Most Injected TMSCs Are Quiescent In Vivo
Figure 7 indicates that the number of injected TMSCs in the TM tissue at 4 weeks to be greater than that at 1 week. To understand if this increased cell number is due to increased cell division, we used a BrdU incorporation assay to detect actively replicating cells. Four hours before sacrificing, mice were intraperitoneally injected with BrdU. Wholemount tissue staining was performed to detect BrdU incorporating cells. No cells stained in the control mouse TM without BrdU injection (Fig. 8A) nor in the BrdU-injected normal mouse TM without cell transplantation (Fig. 8D), indicating the quiescence of this tissue in adult mouse. There are also no BrdU-labeled cells in the TM after TMSC injection at 1 week (Fig. 8B) and 4 weeks (Fig. 8E). In contrast, a number of BrdU-positive cells were detected in the TM with fibroblast injection at 1 week (Fig. 8C), but almost no BrdU-positive cells were seen in the TM 4 weeks after fibroblast injection (Fig. 8F).
Discussion
In the present study, we report that human TMSCs preferentially localize to the TM region and maintain viability for at least 4 months after transplantation into mouse anterior chamber. The cells integrate into the TM, do not elicit inflammatory response, nor do they cause an increase in IOP. An intrinsic property of adult stem cells is to identify and localize in specific tissues where they exhibit tissue-specific differentiation.19–22 The behavior of TMSCs in the anterior chamber is clearly distinct from that of corneal fibroblasts and has all the aspects of a classic homing response typical of adult stem cells. The ability of TMSCs to home to the TM and become differentiated TM cells even in a normal TM without damage is a novel and important observation. It opens a door to explore stem cell-based therapy for glaucoma.

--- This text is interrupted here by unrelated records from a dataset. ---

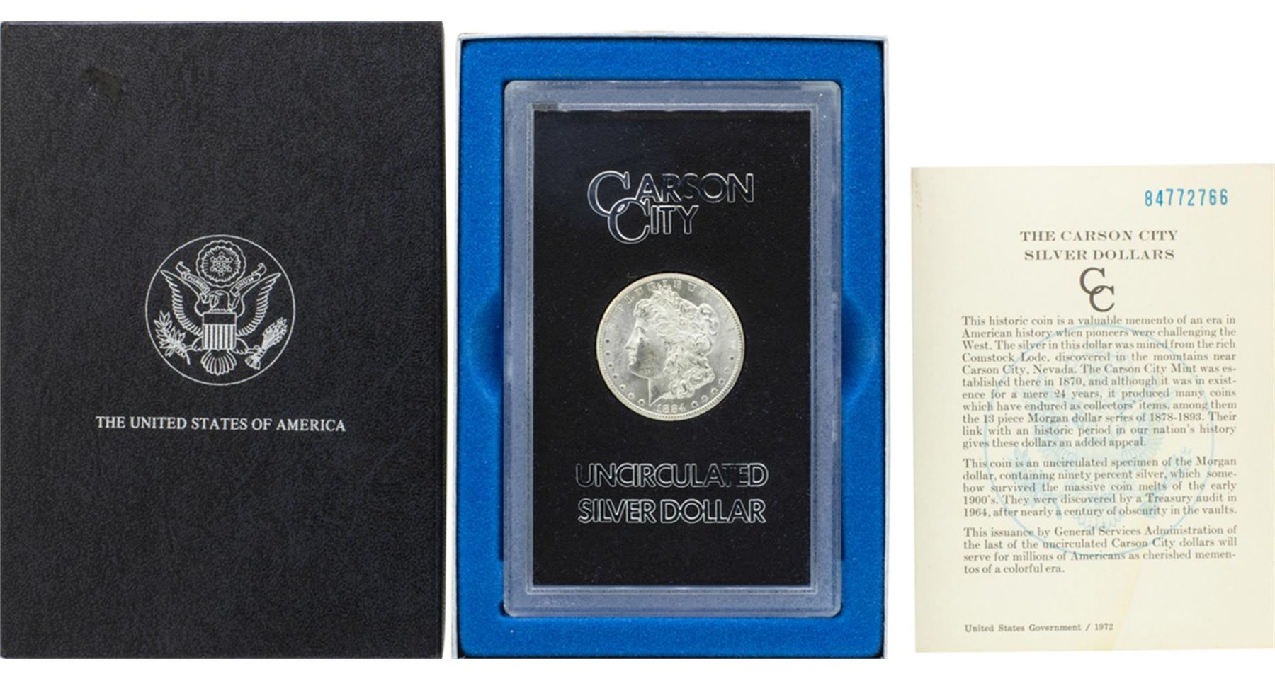 One 1884-CC $1 Morgan Silver Dollar Coin GSA Hoard Uncirculated w/ Box & COA.
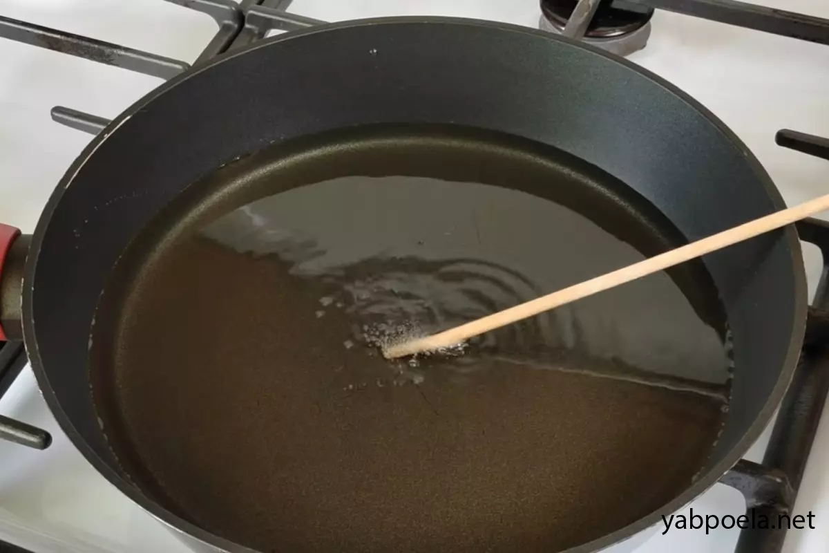 Перевірка температури: Опустіть в олію дерев’яну шпажку — якщо навколо неї активно з’являються бульбашки, можна смажити. Зменшіть вогонь до рівня «нижче середнього».
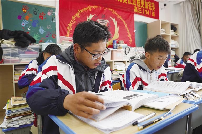 “叮鈴鈴”……隨著下課鈴聲響起,教室瞬間“熱鬧”了起來。有的同學(xué)走出教室活動(dòng)久坐的身體、有的同學(xué)拿出習(xí)題冊(cè)和同桌小聲地討論、有的同學(xué)向老師請(qǐng)教不明白的知識(shí)點(diǎn)……清風(fēng)拂過,暖暖的陽光照在這些青春的身影上,演繹出一首屬于青春的奮斗頌歌?!艾F(xiàn)在是最緊要的關(guān)頭,必須把全部精力投入到學(xué)習(xí)中,爭(zhēng)取多掌握一些知識(shí)點(diǎn)?!备呷?2班學(xué)生索朗旦增說,“我的目標(biāo)是西南政法大學(xué),希望通過自己的努力能實(shí)現(xiàn)這個(gè)夢(mèng)想?!?/p>
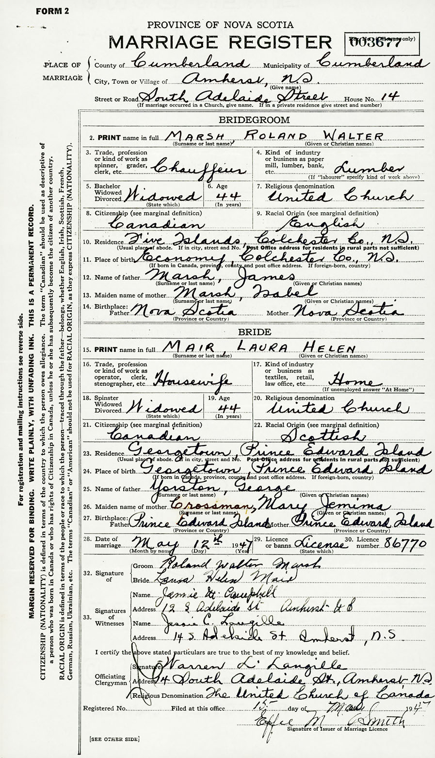 28. Date of marriage May 12 1947 29. By license or banns License 30. License number 86770

Most stem cells are slow cycling, retaining DNA label over an extended pulse-chase period. This phenomenon is termed “label-retaining cells.”15,23 Lipophilic cell membrane dyes, DiO, DiI,24 or PKH2625 have also been used to identify slow-cycling stem cells. We show here that cloned TMSCs retain DiO during in vitro culture and express stem cell markers Notch1, ABCG2, and MUC1. These cells also exhibit the ability to efflux DNA-binding dye Hoechst 33342, a stem cell–specific cellular function that is widely used as the basis of a technique for isolation of side population stem cells by FACS.17 Hoechst efflux confirms TMSCs as stem cells and the slow-cycling property can be used to explore the location and function of endogenous TMSCs in vivo.

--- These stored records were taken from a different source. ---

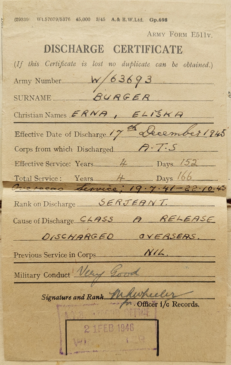 Medzi riadnych členov Československého ústavu patrila aj Erna Eliška Bürgerová, rod. Schultz, ktorej pozostalosť sa do fondu Vojenského historického múzea Piešťany dostala začiatkom tohto roka. Narodila sa 13. júla 1911 v Berlíne. Po sobáši s Ľudovítom Bürgerom z Vrútok, pod vplyvom udalostí emigrovala z Československa už ako československá občianka v roku 1939 do Veľkej Británie. Ernin silne protifašistický svetonázor sa ani počas ročného pobytu v Británii nezmenil a aj tu hľadala možnosti, ako by mohla prispieť a zapojiť sa do odboja. Tak ako viaceré ženy s československými koreňmi, aj ona chcela vstúpiť do jednotiek čs. zahraničnej armády. Ženské oddiely čs. zahraničného vojska však nakoniec neboli vo Veľkej Británii vytvorené. Po roku príležitostných prác v domácnostiach preto Erna na odporúčanie Ministerstva vnútra ČSR v Londýne a Veľvyslanectva ČSR v Londýne 5. júla 1941 vstúpila do ženských oddielov britskej armády – tzv. Auxuliary Territorial Service.
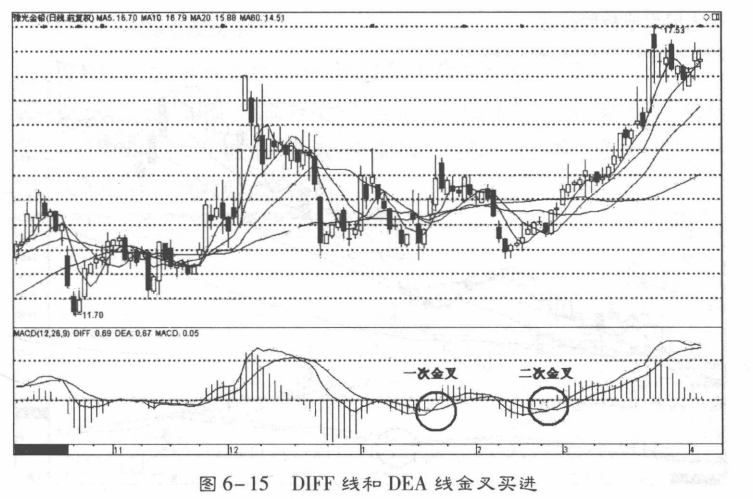 1.利用DIFF 线和DEA线的金叉买进方法
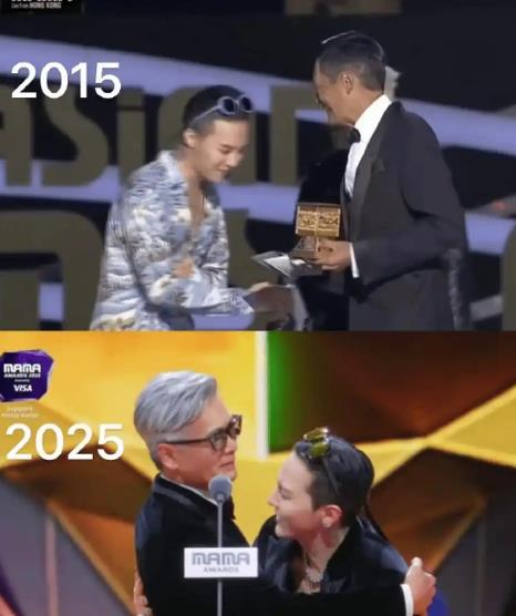 这一幕让人不禁回想起十年前,2015年周润发也曾为Bigbang组合颁发奖项。时光流转,他的风范与温情一如既往,不仅连接着舞台上的荣耀时刻,更传递着跨越语言与文化的关怀与尊重。

Most importantly, our data provide clear evidence that TMSCs, after anterior chamber injection, are able to home to the TM region (Figs. 2, 5) maintaining viability for at least 4 months (Figs. 5, 6). In contrast, injected fibroblasts attached to a variety of tissues after injection into the anterior chamber. These results support the idea that localization in the TM is not simply a function of the TMSCs being carried passively by aqueous outflow, but a result of a tissue affinity of the TMSCs. TMSCs also appeared in the iris (Figs. 2A, 2E), a tissue with similar developmental origin to TM. Increasingly abundant evidence supports the ability of mesenchymal stem cells to localize and regenerate damaged tissue in vivo (see review articles by Kang et al.21 and by Fong et al.26). We thus believe that in glaucomatous eyes, injected TMSCs may be able to localize to pathological TM and improve aqueous outflow. In glaucomatous eyes, abnormal extracellular matrix of the TM may have effect on stem cells' homing. Our next step is to explore the homing and function of TMSCs in a mouse glaucoma model.
Mesenchymal-like stem cells have been shown with the ability to mediate immunosuppression.13,27–30 Our current study confirms that xenotransplantation of human TMSCs to mouse anterior chamber does not elicit inflammatory response (Fig. 4). It ensures the survival of transplanted stem cells to function in vivo. This observation provides an argument that these stem cells could be tolerated in human allogeneic transplantation. The ability of TMSCs to undergo extensive expansion in vitro makes allogeneic transplantation possible. Since glaucoma has underlying genetic components, it would not seem feasible to do autologous transplantation using the same genetically abnormal cells. The expansion ability of TMSCs provides a possibility to regenerate TM in glaucomatous eyes by allogeneic transplantation of TMSCs without glaucomatous genetic disorders.
Chitinase 3-like 1 (CHI3L1) has been identified as a marker of TM cells10 (Liton PB, et al. IOVS 2009;50:ARVO E-Abstract 4859). CHI3L1 can directly interact with type I collagen that plays an important role in CHI3L1 tissue-remodeling activity.31 Our results demonstrate that a proportion of the transplanted TMSCs expressed the TM marker CHI3L1 (Fig. 7). It clearly indicates that the transplanted TMSCs function in vivo instead of simply attaching to the tissue, which could become a barrier for outflow and cause increase of IOP.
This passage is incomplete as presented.